Following these developments, Galaxy Backbone commenced operation in 2006 as the information technology and shared services provider of the Federal Government of Nigeria. Galaxy Backbone plays a key role in the development and deployment of technology initiatives and services in government, working with the master plan for e-Government in Nigeria, a goal that was set for the year 2020.
In similar fashion, NIMC was establishe9d to create, operate and manage Nigeria’s national identity card database, integrate the existing identity database in government institutions, register individuals and legal residents, assign a unique National Identification Number(NIN) and introduce general multi-purpose cards. This was a sign that the country had started collecting data in digital formats.
Internet Cafes (often referred to locally as Cybercafes) became a lucrative business, as many centers began providing Internet access to young, teeming Nigerians in remote towns and cities. This opportunity to access the world from a small screen gave the youth, who later dominated the next 10 years the opportunity to learn.
Albeit, most people were uncertain of what exactly to learn, given the plethora of information available online. Some people took interest in blogging, while others explored ICT skills such as networking, programming, and web development. One thing that cuts across all these individuals though is the use of Social Media, which brought them significant exposure in whatever path they chose.

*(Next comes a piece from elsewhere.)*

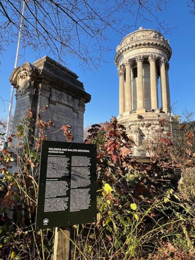 Still it graces the entrance of Riverside Park with it’s beauty. Look at its details in the carvings and it look of a Greek temple. It is really impressive especially in the summer months with the park behind it in full display. You can’t get too close to the monument in its current state.

Nigeria conducted it’s Census exercise across the country, which produced a figure of about 140 million. A sure sign of moreopportunities to be exploited for businesses.

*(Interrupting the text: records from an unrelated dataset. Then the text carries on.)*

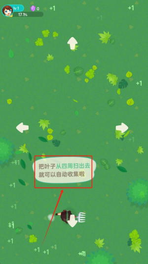 3、收集树叶:把叶子从四周扫出去就可以自动收集啦,收集树叶以获取积分。
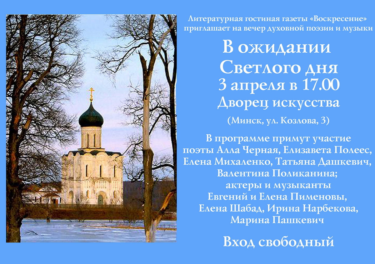 Литературная гостиная газеты «Воскресение» приглашает на вечер духовной поэзии и авторской песни «В ожидании Cветлого дня», который состоится 3 апреля во Дворце искусств в Минске. Мероприятие пройдёт в рамках 13 духовно-просветительской программы выставки-ярмарки «Вербны кiрмаш».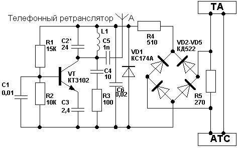 При снятии трубки и вызове абонента на резисторе R5 падает напряжение (3...4 В), достаточное для питания простого передатчика. Подбором резистора R5 можно получить и большее напряжение, но при этом будет ощутимо снижение громкости переговоров на этом ТА, что может привести к рассекречиванию "жучка". На транзисторе VT2 собран генератор по схеме емкостной трехточки. Выходной контур L1 C2 можно настроить на требуемый диапазон частот изменением емкости конденсатора С2 или числа витков катушки L1.Катушка L1-8 витков провода ПЭЛ 0,5...0,7, намотанных на диаметре 4 мм. Параметрический стабилизатор на стабилитроне VD1 ограничивает подаваемое на транзистор VT1 напряжение питания.

Banks would play a major role in the decade that was about to come in 2009 especially in the area of Cybersecurity and information security in general. But many events happened in the years before, which really helped to prepare them for the challenges ahead. The first of such challenges was the banking reform conducted by the Central Bank of Nigeria (CBN) in 2004. Weaker banks could not continue operations, while some remained in business only after a merger. This process gave us strong banks that were ready to compete with their international counterparts.
This was a testament to the saying that, “You won’t know who is strong yet until there is a crisis”. It was in 2008, when the global financial crisis rocked the world and our presumed strong banks were meant to scale through this crisis, however, up to five banks got acquired in a day by the CBN, their leadership was changed and handed to AMCON. This crisis gave us even stronger banks that scaled their operations with technology. All of this happened just a year to the beginning of the new decade.

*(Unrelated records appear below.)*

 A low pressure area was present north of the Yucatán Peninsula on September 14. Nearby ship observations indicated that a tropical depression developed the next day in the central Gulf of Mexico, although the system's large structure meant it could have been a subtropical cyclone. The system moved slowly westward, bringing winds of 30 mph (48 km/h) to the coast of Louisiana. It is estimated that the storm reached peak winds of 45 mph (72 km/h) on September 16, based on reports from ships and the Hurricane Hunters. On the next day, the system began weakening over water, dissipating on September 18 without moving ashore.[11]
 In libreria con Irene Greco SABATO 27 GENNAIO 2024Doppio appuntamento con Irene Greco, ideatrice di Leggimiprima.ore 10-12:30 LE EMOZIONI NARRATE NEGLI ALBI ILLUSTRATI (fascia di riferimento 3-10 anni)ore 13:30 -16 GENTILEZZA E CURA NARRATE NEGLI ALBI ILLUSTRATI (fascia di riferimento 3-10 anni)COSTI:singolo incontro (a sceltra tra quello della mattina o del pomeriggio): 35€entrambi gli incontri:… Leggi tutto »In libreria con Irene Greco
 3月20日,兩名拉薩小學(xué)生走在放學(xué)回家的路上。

Unfortunately, Nigeria had already been associated with the Advanced Fee Fraud (419) scam on the global stage as several persons had latched onto these illegal activities thus giving the country a bad reputation.
In this Decade (2009-2019)
Events of the years before had taught individuals how they could utilize ICT to their advantage and exposed many businesses to the idea of leveraging ICT in their daily operations.
As of early 2009, we could count the number of Tertiary institutions which had implemented some form of Online Web Portal system. A short while after, these numbers have soared and it appears there are even competing portals for similar activities.
Digital banking then sprung up as payment systems were been digitized. Online payments were available via bank-issued vouchers which would then be used on web portals as Debit/Credit cards were not yet available. For most of those who implemented this approach, the focus was “making things work online” and less on “making things work securely”.
In academia, [Federal University of Technology Minna] pioneered the studies of Cybersecurity as early as 2009 by establishing the Department of Cybersecurity. This was the first training ground in the country and the whole of West Africa at the time. Shortly after, other schools followed suit such as Federal University of Technology Akure, Centre for Cyberspace Studies, Nasarawa State University, Keffi and others. They all kick-started the decade by providing Cybersecurity education and training.
The Joint Admissions and Matriculation Board (JAMB) unified their exams, and students now had easier access to their results UTME. As of this writing, JAMB is proposing conducting computer-based tests in the near future.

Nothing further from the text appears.